If this suit is against Edwards county or materially affects it in any manner, then it is a necessary party to the suit under the plain mandate of the statute cited. So the statute has been constructed in a number of cases. Renshaw v. Arnett (Tex. Civ. App.) 158 S.W. 1197; Texas Co. v. Daugherty (Tex. Civ. App.) 160 S.W. 129; Vance v. Miller (Tex. Civ. App.)170 S.W. 838; Veltmann v. Slatar (Tex. Civ. App.) 200 S.W. 539; Martin v. Alexander (Tex. Civ. App.) 218 S.W. 653; Basham v. Holcombe (Tex. Civ. App.) 240 S.W. 691. In the last-cited case it was said:
"For an additional reason the trial court's refusal of the injunction must be sustained. Although the suit was an effort to restrain the officials of the city from making a contract on its behalf with, and from paying out its money to, a designated peson, neither the city itself nor the person affected were made parties, as has been before stated. Under well-settled authority, both were necessary parties to a proceeding so directly and vitally affecting their interests."
A large number of decisions are cited which sustain the text. It is a general rule in equity that all persons materially interested, either legally or beneficially, in the subject-matter of a suit, are necessary parties, either as plaintiffs or defendants. Says Mr. Pomeroy in his Equity Jurisprudence, § 114:
"The governing motive of equity in the administration of its remedial system is to grant full relief, and to adjust in one suit the rights and duties of all the parties, which really grow out of or are connected with the subject-matter of that suit.
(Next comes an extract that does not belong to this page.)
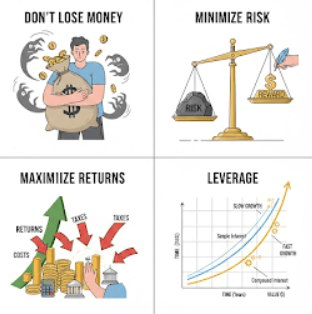 O terceiro pilar é otimizar lucros, mas não da forma que muitos pensam. Eu costumava correr atrás de lucros de curto prazo sem me atentar às taxas, impostos ou frequência de negociação. Mais tarde, percebi que essas coisas que parecem pequenas acabam levando muito dinheiro ao longo do tempo. Manter o dinheiro e deixá-lo no mercado por tempo suficiente, às vezes, é mais importante do que ganhar mais dinheiro novo.

Its fundamental principle concerning parties is that all persons in whose favor or against whom there might be a recovery, however partial, and also all persons who are so interested, although indirectly, in the subject-matter and the relief granted, that their rights or duties might be affected by the decree, although no substantial recovery can be obtained either for or against them, shall be made parties to the suit. * * * The primary object is that all persons sufficiently interested may be before the court, so that the relief may be properly adjusted among those entitled, the liabilities properly apportioned, and the incidental or consequential claims or interests of all may be fixed, and all may be bound in respect thereto by the single decree."
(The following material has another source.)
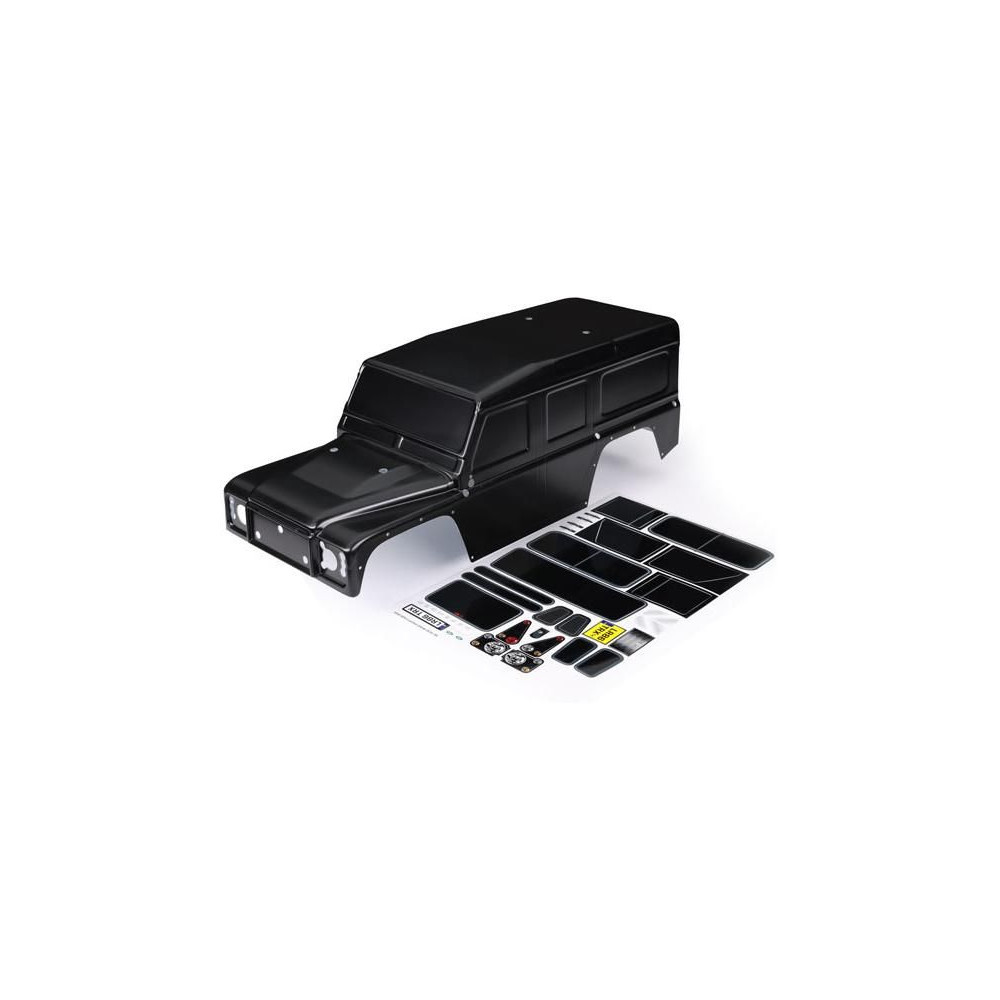 Pótalkatrész Traxxas RC autó modellekhez TRX4 alvázon: karosszéria Land Rover Defender fekete színű matricákkal. 324 mm-es tengelytávhoz.

It cannot with any degree of sound reasoning be contended that the county will not be affected by the decree rendered in this case, whether it be to sustain the acts of its officers and agents or to annul them. Neither can a want of necessary parties be disregarded on an assumption that the allegations of the petition show an invalid contract by which the county is not bound. The demands for the necessary parties in a court of equity cannot be met in any such way. The county has the right to be in at the death of a contract to which its officers have bound it. Its interests cannot be determined in a suit to which it is not a party. Again no decree should be rendered which would not be res adjudicata of every matter in the case, and, as said in Vance v. Miller, herein cited:
"Without a decree against the corporation there would be nothing to prevent any future officer from proceeding to collect the taxes complained of under the present records which *Page 816 
must be held so defective as not to authorize the tax collector to collect the taxes assessed."
The only question presented to this court is whether the county of Edwards is a necessary party to this suit, and we hold that it is. In view of a reversal we would call the attention of the trial court to the full discussion of article 2268a, Vernon's Tex. Civ.Stats., 1918 Supp., found in Hunter v. Whiteaker (Tex. Civ. App.) 230 S.W. 1096, which was given by this court and approved by the Supreme Court. It will be noted from the law and its discussion in that case that there are exceptions that may have a bearing on this case when developed.
The judgment is reversed and the temporary injunction dissolved.